Mas este efeito negativo do candidato a governador sem dúvida arrastou Scioli, e arremessou o candidato da Cambiemos, uma aliança política ad doc, composta ainda por PRO (Proposta Republicana), pelo desprestigiado Partido Radical, cujos seus dois últimos presidentes, Alfonsín e Fernando de la Rua, tiveram que fugir do governo muito antes do fim de seus mandatos, deixando o país entre crise econômica e banhos de sangue. Além disso, na coalizão Cambiemos participam uma série de partidos “unipessoais” como a da deputada Patricia Bullrich e Elisa Carrio, ambas junto ao PRO de Laura Alonso, seriamente envolvida no suicídio induzido do fiscal Alberto Nisman, com quem havia organizado uma operação que liga a presidenta aos atentados contra organizações judias em 1992 e 1994 (Caso Amia).

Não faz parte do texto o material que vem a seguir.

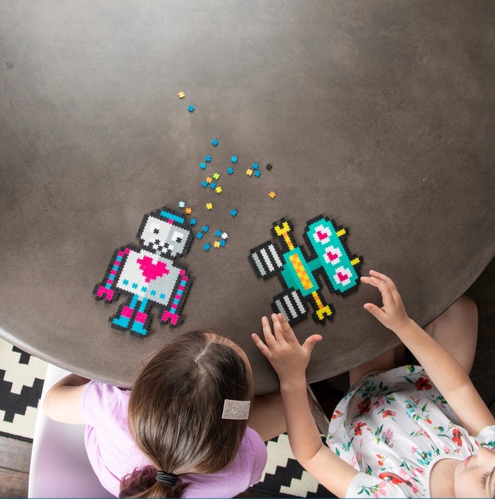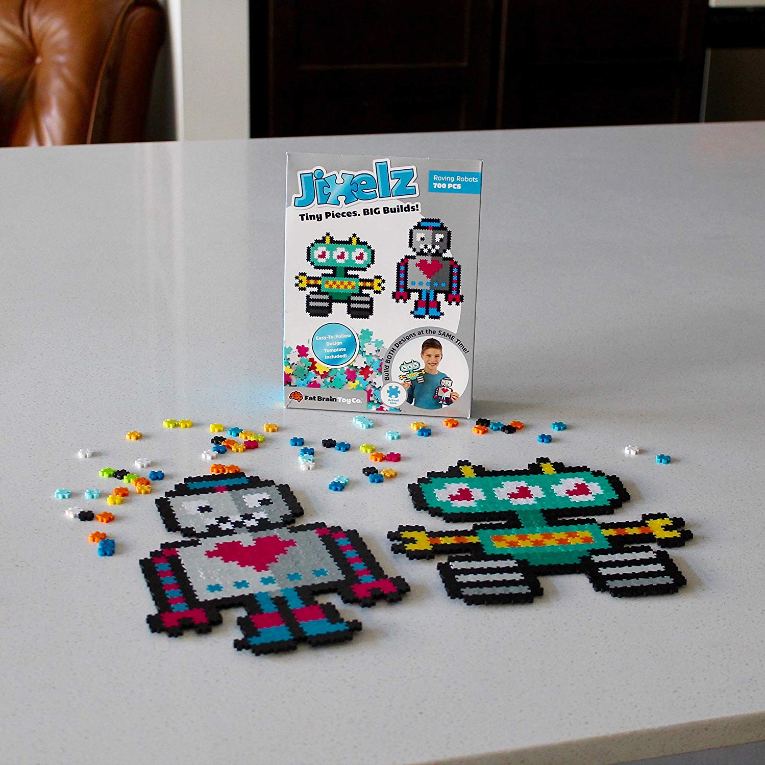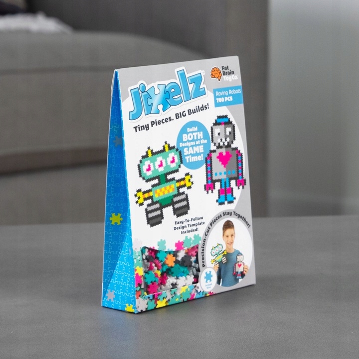 Jixelz включает в себя 700 красочных, аккуратно вырезанных крошечных пластиковых пазлов, из которых можно собрать двух разных роботов.
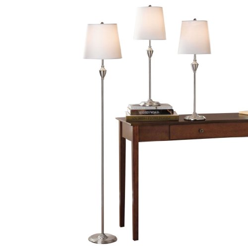| Post Date : Apr 17, 2012 00:03:14 | Usually ships in 1-2 business daysA Brylanehome Exclusive!Gorgeous 3-pc. lamp set completes your living room decor. Each features a 3-way switch to adjust brightness: dim, medium, bright. Includes: one 58"H floor lamp and two 29"H table lamps. Crafted of metal with satin-brushed, nickel-plated finish, 10"Diam. fabric shade and on/off switch. Wipe clean. UL Approved, 150-watt bulb for floor lamp, 40-watt bulb for table lamps (not included).Set Of 3.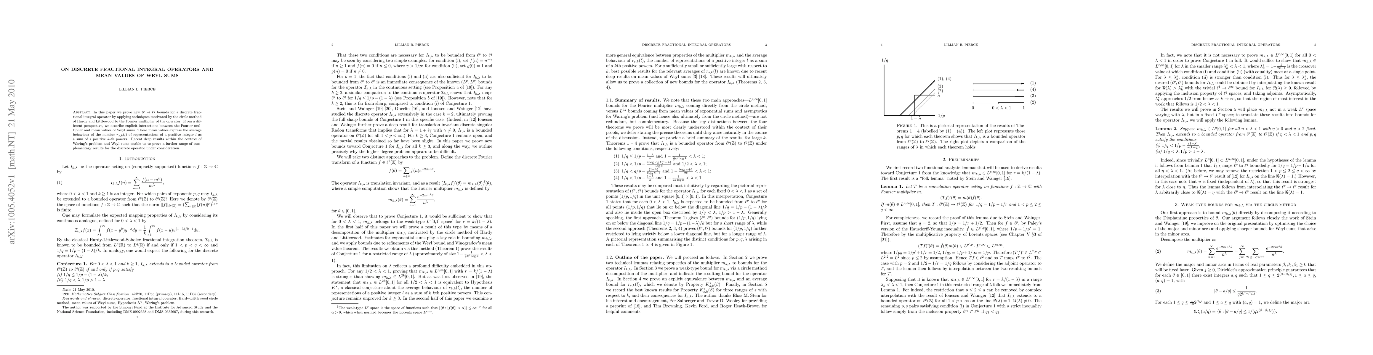 In this paper we prove new $(\ell^p, \ell^q)$ bounds for a discrete fractional integral operator by applying techniques motivated by the circle method of Hardy and Littlewood to the Fourier multiplier of the operator. From a different perspective, we describe explicit interactions between the Fourier multiplier and mean values of Weyl sums. These mean values express the average behaviour of the number $r_{s,k}(l)$ of representations of a positive integer $l$ as a sum of $s$ positive $k$-th powers. Recent deep results within the context of Waring's problem and Weyl sums enable us to prove a further range of complementary results for the discrete operator under consideration.

O atual governo da cidade de Buenos Aires, encabeçado por Maurício Macri, se beneficiou, durante todo o mandato, de um guarda-chuva gigantesco que protege e esconde as inesgotáveis negociatas tanto de Macri quanto de muitos de seus funcionários. Vale ressaltar que apenas ele conta com 214 denúncias judiciais por corrupção e algum outro delito. Questão que só é abordada em alguns poucos meios de comunicação do Estado e outros independentes.
Os profetas do ódio
Ninguém mente ao afirmar que o ascenso da coalizão Cambiemos e a possibilidade de que terminem conquistando a Presidência do país não é por méritos de seus dirigentes, senão por nenhuma outra questão que o profundo ódio que grandes setores da classe média e a quase totalidade da grande burguesia têm contra Cristina Kirchner. É nesta parcela da população, e em nenhum outro lugar, que está a base da hecatombe do governo no último domingo (25). Estes mesmos setores que apoiaram a ditadura militar (1976-1983), e o governo de Carlos Ménem e seu ministro Domingo Cavallo, atual conselheiro de Macri.

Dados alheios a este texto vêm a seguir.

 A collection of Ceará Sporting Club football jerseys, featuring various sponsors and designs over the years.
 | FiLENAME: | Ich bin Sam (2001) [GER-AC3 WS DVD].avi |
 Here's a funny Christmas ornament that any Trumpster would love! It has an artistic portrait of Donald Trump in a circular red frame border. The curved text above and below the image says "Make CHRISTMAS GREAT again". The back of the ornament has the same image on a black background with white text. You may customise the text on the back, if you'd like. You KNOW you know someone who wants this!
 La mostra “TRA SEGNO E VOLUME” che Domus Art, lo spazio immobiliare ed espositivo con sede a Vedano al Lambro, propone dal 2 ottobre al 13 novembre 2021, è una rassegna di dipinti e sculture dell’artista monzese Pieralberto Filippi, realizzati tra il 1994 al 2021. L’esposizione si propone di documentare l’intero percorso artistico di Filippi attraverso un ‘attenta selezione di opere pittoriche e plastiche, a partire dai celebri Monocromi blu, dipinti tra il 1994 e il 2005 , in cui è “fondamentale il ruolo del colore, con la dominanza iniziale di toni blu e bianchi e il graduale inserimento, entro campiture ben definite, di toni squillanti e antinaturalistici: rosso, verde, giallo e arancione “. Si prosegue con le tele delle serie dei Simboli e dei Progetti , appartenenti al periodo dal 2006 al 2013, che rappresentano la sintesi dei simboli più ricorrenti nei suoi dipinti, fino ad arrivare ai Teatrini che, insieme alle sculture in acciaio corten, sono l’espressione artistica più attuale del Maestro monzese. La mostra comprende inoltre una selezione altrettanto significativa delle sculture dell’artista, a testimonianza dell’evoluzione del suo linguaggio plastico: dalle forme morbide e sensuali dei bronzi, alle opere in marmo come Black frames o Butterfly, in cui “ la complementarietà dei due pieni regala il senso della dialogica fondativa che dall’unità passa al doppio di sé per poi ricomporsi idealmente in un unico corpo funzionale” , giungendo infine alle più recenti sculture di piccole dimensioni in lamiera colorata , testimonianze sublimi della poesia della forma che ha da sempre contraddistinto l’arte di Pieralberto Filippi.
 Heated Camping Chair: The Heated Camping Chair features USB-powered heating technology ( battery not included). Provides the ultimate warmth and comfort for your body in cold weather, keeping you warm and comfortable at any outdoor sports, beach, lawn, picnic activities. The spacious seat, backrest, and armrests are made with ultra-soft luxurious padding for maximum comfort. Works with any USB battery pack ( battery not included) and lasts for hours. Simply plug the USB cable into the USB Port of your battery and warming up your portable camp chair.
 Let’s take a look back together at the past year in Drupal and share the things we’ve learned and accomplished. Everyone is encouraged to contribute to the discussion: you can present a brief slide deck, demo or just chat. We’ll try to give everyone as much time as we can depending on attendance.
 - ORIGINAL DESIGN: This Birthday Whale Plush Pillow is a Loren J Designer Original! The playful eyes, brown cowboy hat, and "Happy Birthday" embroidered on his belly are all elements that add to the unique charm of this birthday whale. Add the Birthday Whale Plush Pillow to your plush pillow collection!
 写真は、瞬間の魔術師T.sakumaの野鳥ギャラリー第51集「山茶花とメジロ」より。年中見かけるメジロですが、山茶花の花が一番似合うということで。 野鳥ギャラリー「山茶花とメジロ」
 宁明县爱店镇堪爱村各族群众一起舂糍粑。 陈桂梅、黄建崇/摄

A lista de inimigos do projeto kirchnerista é enorme, mas já é sabido, trata-se do de sempre, o que vem contra Cristina, já vinha contra Evita há quase 70 anos. Os capitais financeiros, os proprietários dos campos, a embaixada norte-americana, o grande holding Techint, grupos empresariais, bancos, entre outros, têm sido os inimigos do projeto que possivelmente vai terminar no próximo dia 10 de dezembro. Mas sem dúvida o mais curioso é como grandes setores da população diretamente beneficiada com as políticas do governo têm assimilado a mensagem de ódio dos meios e a tomado para si. Muitos dos que usufruem dos planos sociais, dos créditos, das centenas de hospitais inaugurados nestes últimos anos, optaram por uma mudança que é um salto ao passado.

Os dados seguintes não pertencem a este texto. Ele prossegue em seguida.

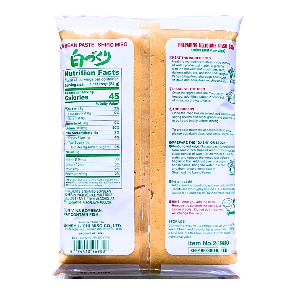 Đậu Tương lên men Shinshu Miso là loại miso trộn sẵn với hương vị tinh tế và phong phú, nước dùng bonito và tảo bẹ được thêm vào để tạo ra một hương vị miso

O tremendo fracasso da futura governadora de Buenos Aires, durante os festejos do último domingo à noite, deixa tudo muito claro: “Troquemos futuro por passado”, disse. A Argentina se projetava em um caminho de crescimento industrial e tecnológico como não acontecia desde o governo de Perón. Nestes 12 anos foram repatriados quase 1.500 cientistas argentinos que trabalham no exterior e foram expulsos pelos mesmos gurus econômicos que convocaram Macri para a Presidência. O projeto espacial do governo argentino que já conseguiu colocar em órbita dois satélites (Arsat 1 e 2) de comunicação, totalmente construídos na Argentina, hoje está sendo ameaçado com uma bendita privatização, igual à que pensam em fazer com a petrolífera nacional YPF e a empresa de aviação Aerolíneas Argentinas, isso só para começo de conversa. A abertura econômica, a desvalorização que se anunciam em alguns âmbitos e se escondem do grande público me faz temer que a Argentina caia novamente na censura dos anos 1990, e com isso arraste seus sócios continentais, atacados exatamente pelos mesmos inimigos.
Em 22 de novembro a Argentina lidera uma nova batalha pela sua independência, e como sempre, também pela independência da América Latina. Talvez no domingo o lema peronista “Unidos ou dominados” tenha uma nova resposta.